In the shadow of our parents’ ambitions

We rely on parental guidance but it’s only that: guidance, not law. | Benz De Marshall Pierre, PantherNOW

Benz De Marshall Pierre | Staff Writer

It is common for parents to recommend or even command that their children embrace a certain profession. Reluctant to disappoint Mom or Dad, we begrudgingly adopt that profession and thus neglect our very own calling.

It’s the dream of all parents to see their offspring succeed. To materialize that dream parents often pour considerable resources into their children’s future; be it in education or some other area, with the view of making a useful individual out of them.

Some of us, I am sure, fell victim to that sort of mindset; however, this is not done out of malice.

For most of them, it’s their way of expressing their parental instincts. Regardless of the admirable reasons behind them, it does a disservice to the youth who must find their own paths.

We rely on parental guidance but it’s only that: guidance, not law.

Every generation is called to leave its own imprint on its respective community, and staying in the shadow of an old generation’s goals simply denies them that.

By being trapped in these shadows, we fear that we will mimic our parents’ flaws and by doing so bring nothing to the grand scheme of life.

A parent should stop infusing their children with their view of the world the moment they show the earliest signs of being responsible.

Growing up in Haiti I often heard it said that the moment the child knows how to safely cross the street, they should be treated as adults. This is of course a bit extreme, but I am sure you get the point.

I was fortunate enough to have parents who never tried to force me on a path that I hadn’t the slightest interest in. As I began to form my own thoughts and articulate the desire to become a doctor, my father bought me an anatomy book. Without a doubt, he was surely cultivating that infantile desire to see where it could lead, but it was never forced on me.

Later, I grew enchanted with music, and to satisfy that newfound interest, my dad enrolled me in music school where I played the guitar. But my adventurous soul was not yet done with its bouts of exploration. As I discovered other interests such as theater and martial arts, he was equally supportive of them and made sure I explored them all.

Thanks to my prowess in all these fields of interest, my father was convinced that I was born for the big screen.

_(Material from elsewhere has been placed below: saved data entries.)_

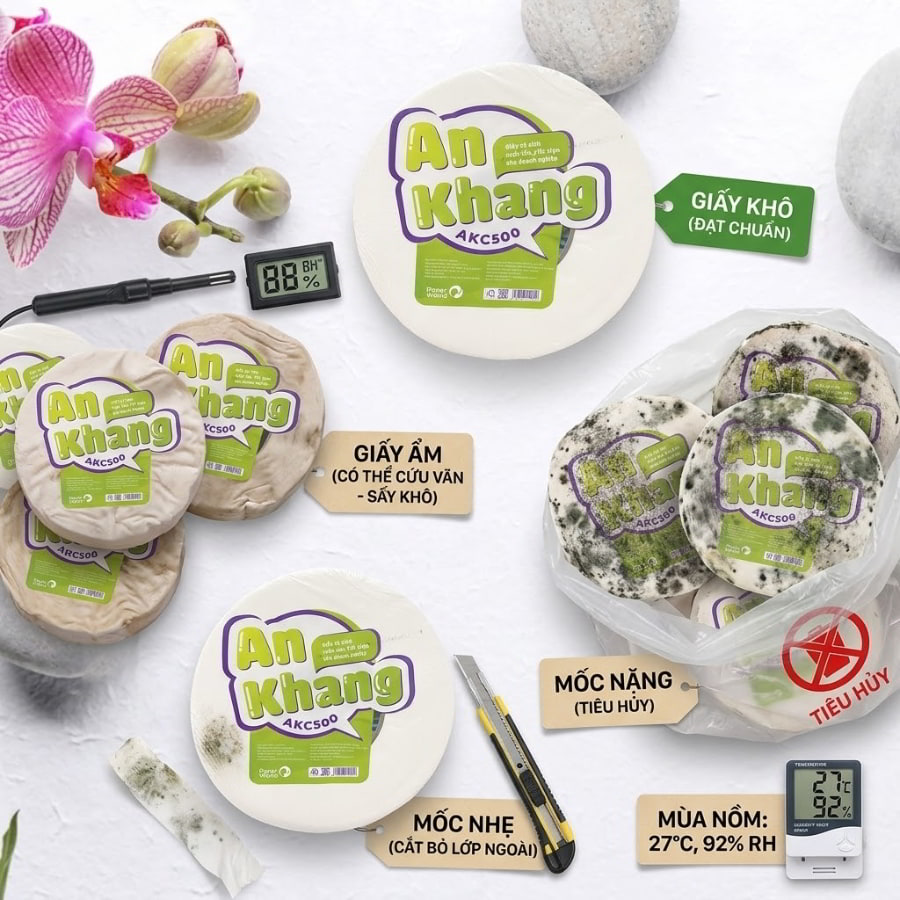 Tuyệt đối không mang giấy đi phơi dưới ánh nắng mặt trời gay gắt hoặc dùng máy sấy nhiệt độ cao. Hiệu ứng nhiệt đột ngột sẽ khiến sợi giấy bị giòn, cong vênh và đứt gãy cấu trúc tự nhiên. Thay vào đó, hãy đặt các cuộn giấy này trong một căn phòng kín, bật điều hòa ở chế độ Dry (hút ẩm) hoặc sử dụng máy hút ẩm chuyên dụng trong vòng 12 đến 24 giờ. Luồng không khí khô và mát sẽ nhẹ nhàng rút hơi ẩm ra khỏi giấy. Sau khi xử lý xong, lô giấy này cần được ưu tiên đưa vào sử dụng ngay lập tức tại các khu vực có lưu lượng người dùng cao để giải quyết hàng tồn.
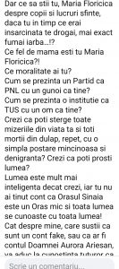 - Sabăreane, gura mică! Ultimul om care ar putea da lecții despre integritate ești tu, cel acuzat de sifonarea banilor publici! (Cristina T.).
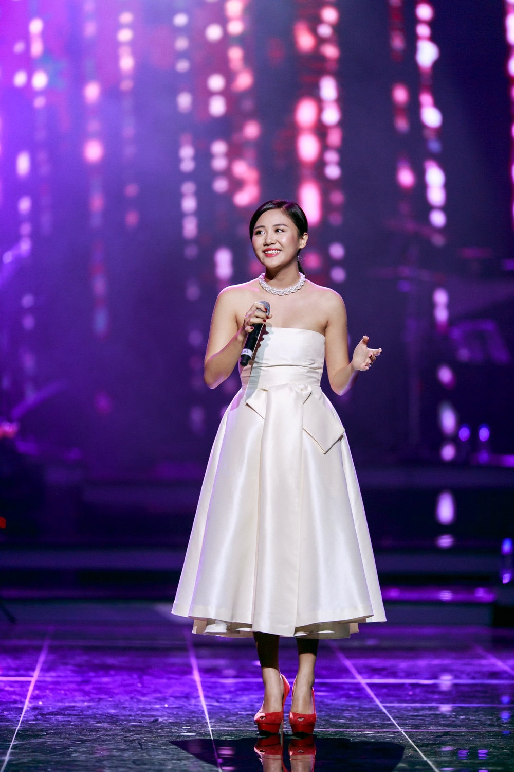 | Văn Mai Hương xuất hiện xinh xắn trên sân khấu với váy trắng xếp ly nữ tính. |
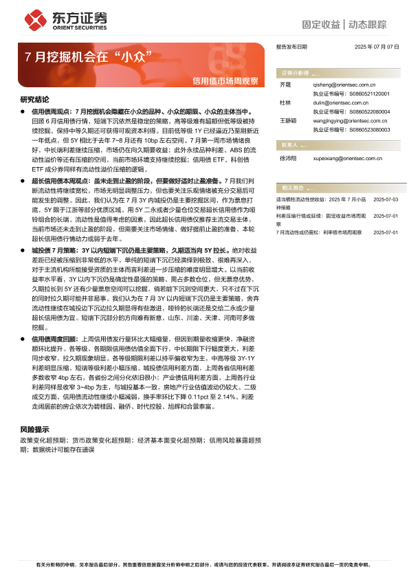 【东方证券】【20250707】信用债市场周观察_7月挖掘机会在_小众-12页
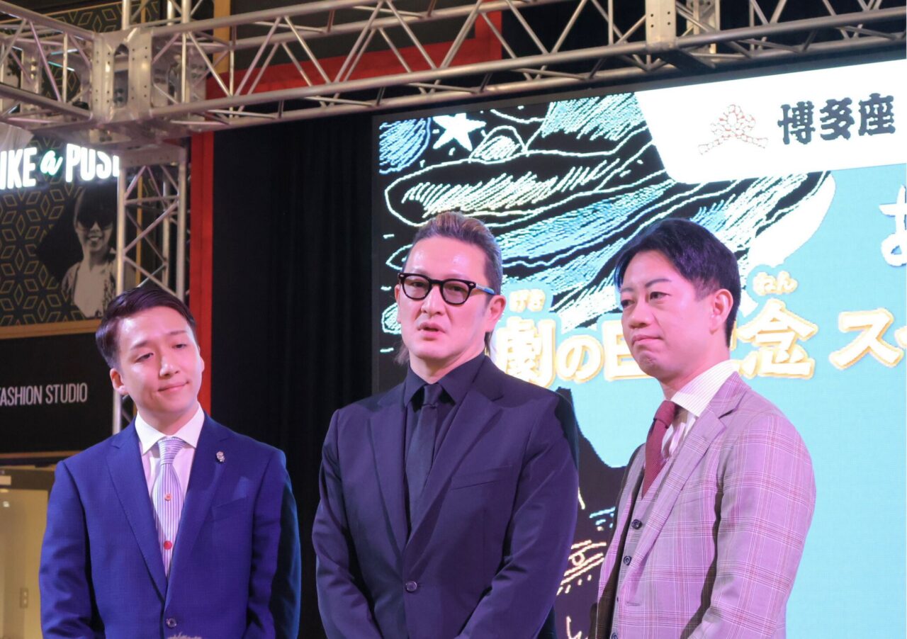 現在博多座で上演中の二月花形歌舞伎『あらしのよるに』に出演の中村獅童さん、中村壱太郎さん、中村米吉さん、そして「あらしのよるに」原作者のきむらゆういち先生、作画のあべ弘士先生という、豪華な顔ぶれが登壇すると会場からは大きな拍手が起こりました。
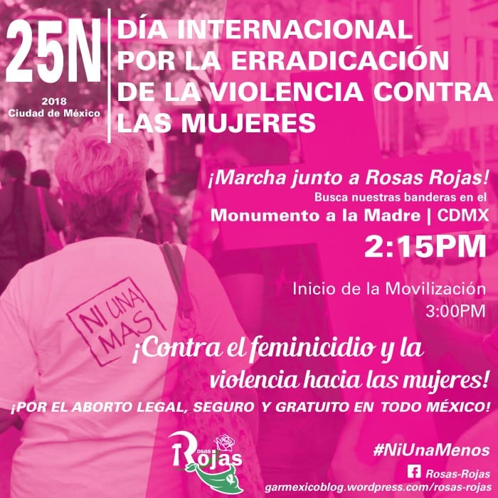 En el marco de la jornada internacional de lucha contra las violencias hacia las mujeres, desde Rosas Rojas decimos con claridad que los feminicidios en México se han agravado de forma alarmante y denunciamos no sólo al indolencia, sino la inacción del Estado mexicano para favorecer la falta de acceso a la justicia para las víctimas del feminicidio y sus familiares, así como la impunidad en la que libremente se desenvuelven los feminicidas, sobre todo aquellos que viven y se desenvuelven en los círculos militares, políticos y empresariales; factores que en general han favorecido al crecimiento exponencial en la última década.
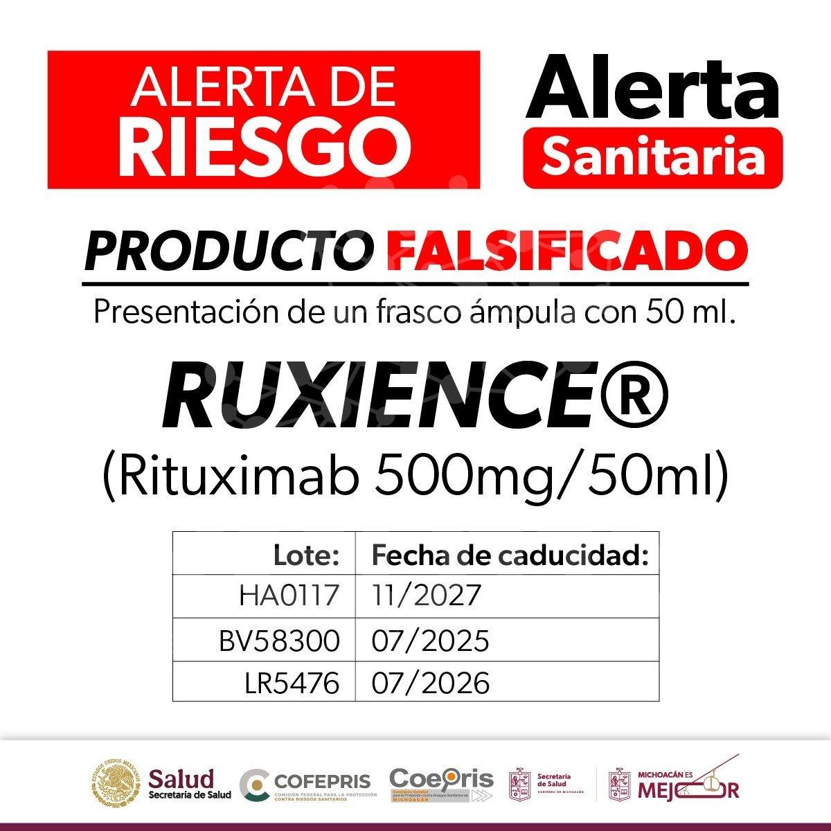 Morelia, Michoacán, 9 de febrero del 2026.- La Comisión Federal para la Protección contra Riesgos Sanitarios (Cofepris), a través de la Secretaría de Salud de Michoacán (SSM), informa a la población sobre la falsificación del medicamento Ruxience®️ (Rituximab) 500 mg/50 mL, solución inyectable, en presentación de caja con un frasco ámpula con 50 mL.
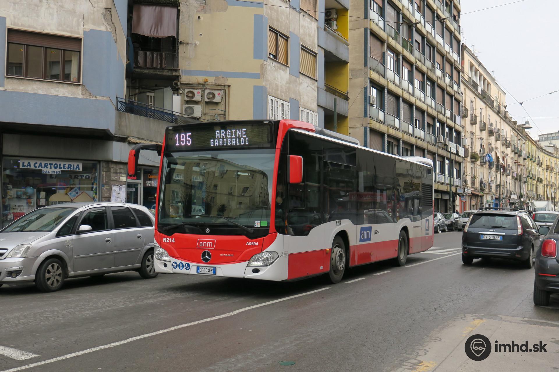 Citaro mestského dopravného podniku ANM - Azienda Napoletana Mobilità smeruje na východné predmestie Neapolu.
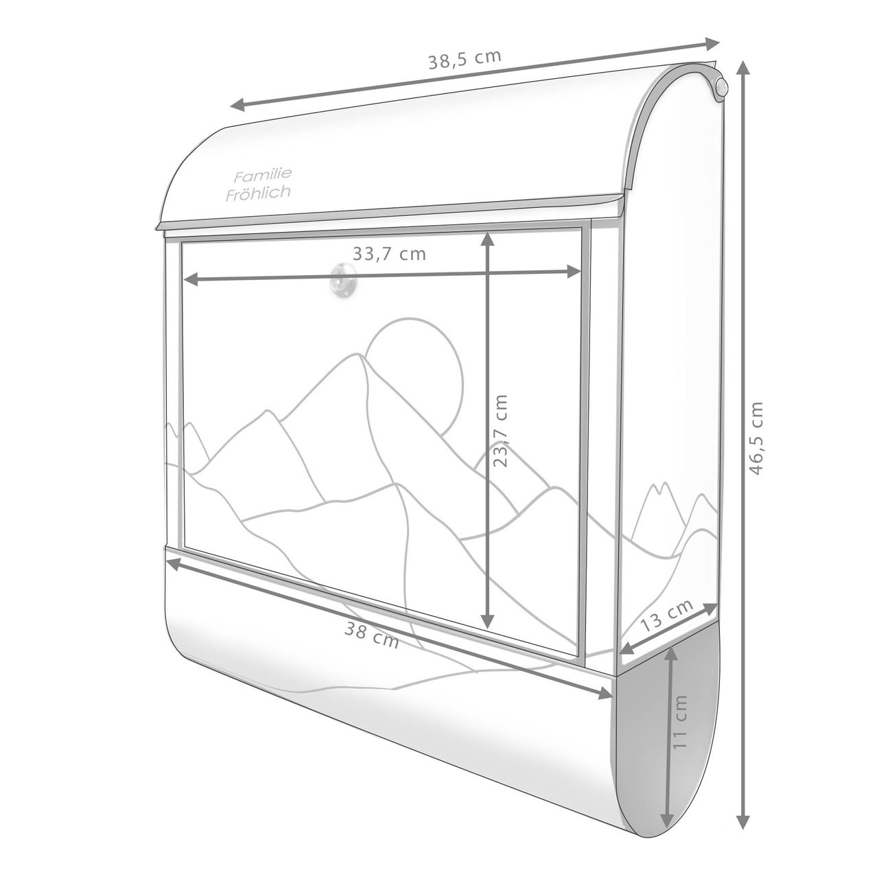 Großer Stahl Briefkasten Motiv Bergsilhouette Lineart 2

Well, many years later I haven’t the slightest interest in becoming either a movie star or a musician. I am now majoring in political science, a field that fascinates me immensely. I am also a voracious reader with a particular appreciation for classic novels, in fact, I believe they offer some of the best insights into the human condition.

My interest in doing martial arts has not essentially faded but after I underwent a profound change of mindset, I concluded that I had to shift my interests in life.

What could my life be like if instead of following my interests and supporting them, my father had suppressed them or forced me into them?

I know that the reverse of this abbreviated anecdote might be true for many of you. Many of you would have welcomed a parent who supports their child’s love for the arts and a subsequent career in that profession.

But it’s still wrong if they had forced you to choose the arts instead of something else. The reason for that is that as individuals, we should always strive for authenticity. Even if we yield to our parents’ demands and become rich as a result, later on, part of us may still crave the path we were denied.

It’s assumed that people who are forced to follow in their parents’ footprints and neglect their passion don’t end up happy. Disappointing our parents can be a difficult concept however it is critical that our happiness comes first.